Your answer must be an exact copy of the data below, minus any pictures.

**AVAILABLE RECORDS**
BEGIN

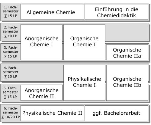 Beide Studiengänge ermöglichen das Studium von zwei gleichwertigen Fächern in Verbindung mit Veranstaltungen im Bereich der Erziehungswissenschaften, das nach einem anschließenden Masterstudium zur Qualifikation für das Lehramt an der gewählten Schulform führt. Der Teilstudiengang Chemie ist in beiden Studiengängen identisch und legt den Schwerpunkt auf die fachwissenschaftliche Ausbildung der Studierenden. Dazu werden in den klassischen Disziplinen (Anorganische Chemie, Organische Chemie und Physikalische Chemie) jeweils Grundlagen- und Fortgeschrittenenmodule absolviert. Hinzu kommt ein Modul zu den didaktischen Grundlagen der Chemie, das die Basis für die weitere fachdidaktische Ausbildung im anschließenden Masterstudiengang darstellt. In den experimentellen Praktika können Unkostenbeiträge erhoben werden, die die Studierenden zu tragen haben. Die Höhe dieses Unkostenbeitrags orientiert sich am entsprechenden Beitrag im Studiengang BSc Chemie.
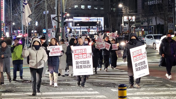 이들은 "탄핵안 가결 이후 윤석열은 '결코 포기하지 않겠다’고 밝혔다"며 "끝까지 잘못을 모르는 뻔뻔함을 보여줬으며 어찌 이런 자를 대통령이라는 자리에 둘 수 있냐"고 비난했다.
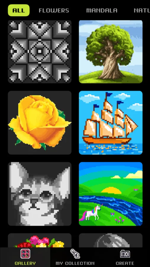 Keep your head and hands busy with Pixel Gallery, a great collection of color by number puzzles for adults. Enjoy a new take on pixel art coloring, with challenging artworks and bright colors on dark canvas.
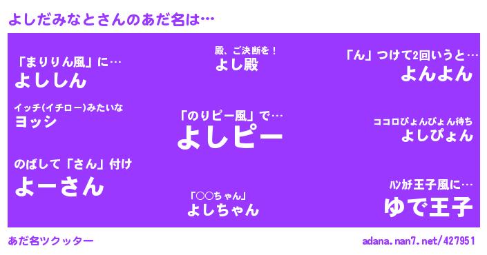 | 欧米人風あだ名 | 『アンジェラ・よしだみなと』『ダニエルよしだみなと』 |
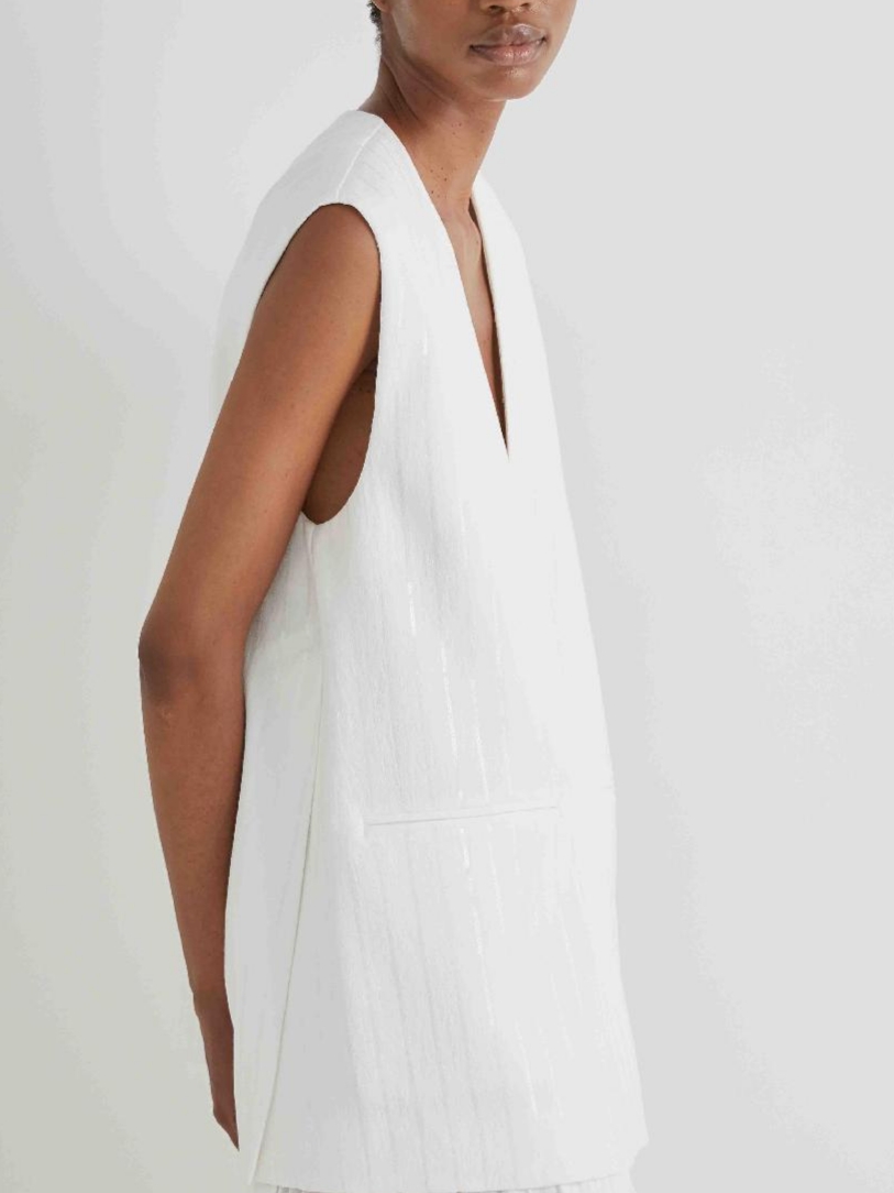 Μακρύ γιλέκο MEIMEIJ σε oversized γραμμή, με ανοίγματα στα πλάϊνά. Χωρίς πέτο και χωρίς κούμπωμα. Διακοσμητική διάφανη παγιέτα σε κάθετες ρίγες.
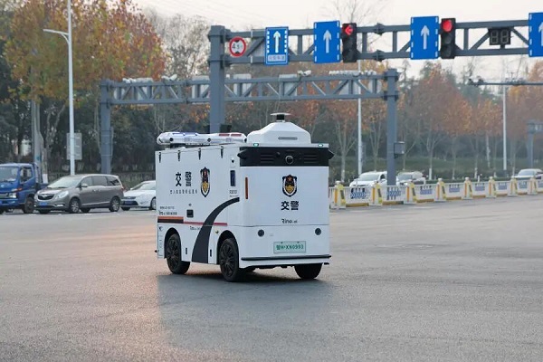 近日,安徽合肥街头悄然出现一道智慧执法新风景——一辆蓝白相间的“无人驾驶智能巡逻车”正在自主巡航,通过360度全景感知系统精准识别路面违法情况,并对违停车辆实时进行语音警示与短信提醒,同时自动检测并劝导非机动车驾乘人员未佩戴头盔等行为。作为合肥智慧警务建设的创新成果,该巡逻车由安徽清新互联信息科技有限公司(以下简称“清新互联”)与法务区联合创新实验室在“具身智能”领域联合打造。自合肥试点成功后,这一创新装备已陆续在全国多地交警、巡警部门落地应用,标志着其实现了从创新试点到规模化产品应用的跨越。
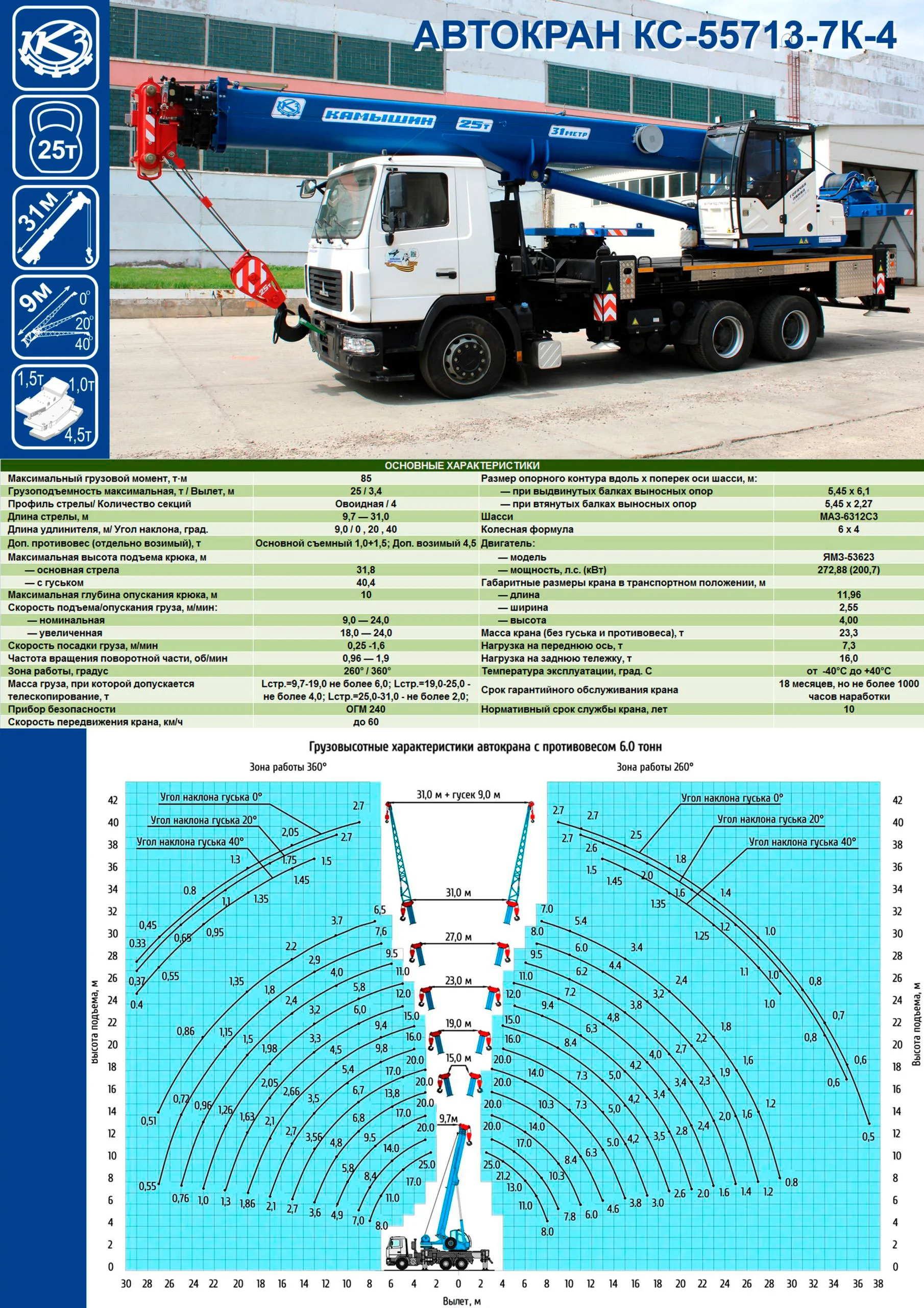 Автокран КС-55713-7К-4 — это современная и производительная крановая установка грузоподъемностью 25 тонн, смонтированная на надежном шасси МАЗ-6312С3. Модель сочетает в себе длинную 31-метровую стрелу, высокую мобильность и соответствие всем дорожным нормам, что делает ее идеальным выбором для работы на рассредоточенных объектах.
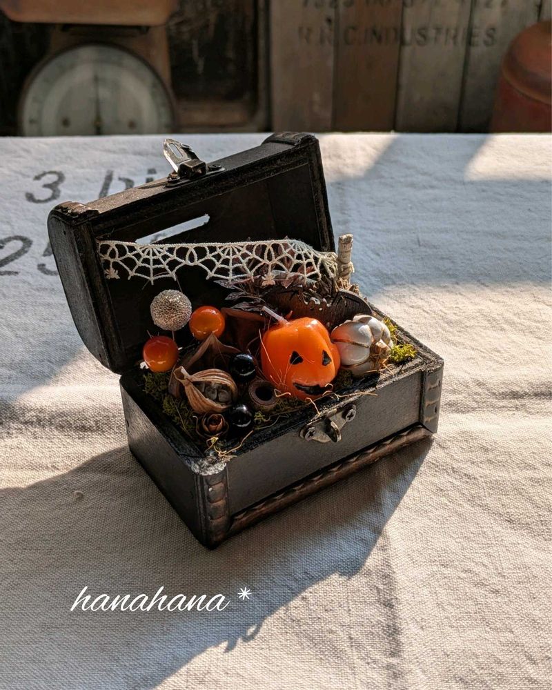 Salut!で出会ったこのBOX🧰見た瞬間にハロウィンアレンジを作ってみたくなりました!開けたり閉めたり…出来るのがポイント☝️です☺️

END

**SOLUTION**
 Beide Studiengänge ermöglichen das Studium von zwei gleichwertigen Fächern in Verbindung mit Veranstaltungen im Bereich der Erziehungswissenschaften, das nach einem anschließenden Masterstudium zur Qualifikation für das Lehramt an der gewählten Schulform führt. Der Teilstudiengang Chemie ist in beiden Studiengängen identisch und legt den Schwerpunkt auf die fachwissenschaftliche Ausbildung der Studierenden. Dazu werden in den klassischen Disziplinen (Anorganische Chemie, Organische Chemie und Physikalische Chemie) jeweils Grundlagen- und Fortgeschrittenenmodule absolviert. Hinzu kommt ein Modul zu den didaktischen Grundlagen der Chemie, das die Basis für die weitere fachdidaktische Ausbildung im anschließenden Masterstudiengang darstellt. In den experimentellen Praktika können Unkostenbeiträge erhoben werden, die die Studierenden zu tragen haben. Die Höhe dieses Unkostenbeitrags orientiert sich am entsprechenden Beitrag im Studiengang BSc Chemie.
 이들은 "탄핵안 가결 이후 윤석열은 '결코 포기하지 않겠다’고 밝혔다"며 "끝까지 잘못을 모르는 뻔뻔함을 보여줬으며 어찌 이런 자를 대통령이라는 자리에 둘 수 있냐"고 비난했다.
 Keep your head and hands busy with Pixel Gallery, a great collection of color by number puzzles for adults. Enjoy a new take on pixel art coloring, with challenging artworks and bright colors on dark canvas.
 | 欧米人風あだ名 | 『アンジェラ・よしだみなと』『ダニエルよしだみなと』 |
 Μακρύ γιλέκο MEIMEIJ σε oversized γραμμή, με ανοίγματα στα πλάϊνά. Χωρίς πέτο και χωρίς κούμπωμα. Διακοσμητική διάφανη παγιέτα σε κάθετες ρίγες.
 近日,安徽合肥街头悄然出现一道智慧执法新风景——一辆蓝白相间的“无人驾驶智能巡逻车”正在自主巡航,通过360度全景感知系统精准识别路面违法情况,并对违停车辆实时进行语音警示与短信提醒,同时自动检测并劝导非机动车驾乘人员未佩戴头盔等行为。作为合肥智慧警务建设的创新成果,该巡逻车由安徽清新互联信息科技有限公司(以下简称“清新互联”)与法务区联合创新实验室在“具身智能”领域联合打造。自合肥试点成功后,这一创新装备已陆续在全国多地交警、巡警部门落地应用,标志着其实现了从创新试点到规模化产品应用的跨越。
 Автокран КС-55713-7К-4 — это современная и производительная крановая установка грузоподъемностью 25 тонн, смонтированная на надежном шасси МАЗ-6312С3. Модель сочетает в себе длинную 31-метровую стрелу, высокую мобильность и соответствие всем дорожным нормам, что делает ее идеальным выбором для работы на рассредоточенных объектах.
 Salut!で出会ったこのBOX🧰見た瞬間にハロウィンアレンジを作ってみたくなりました!開けたり閉めたり…出来るのがポイント☝️です☺️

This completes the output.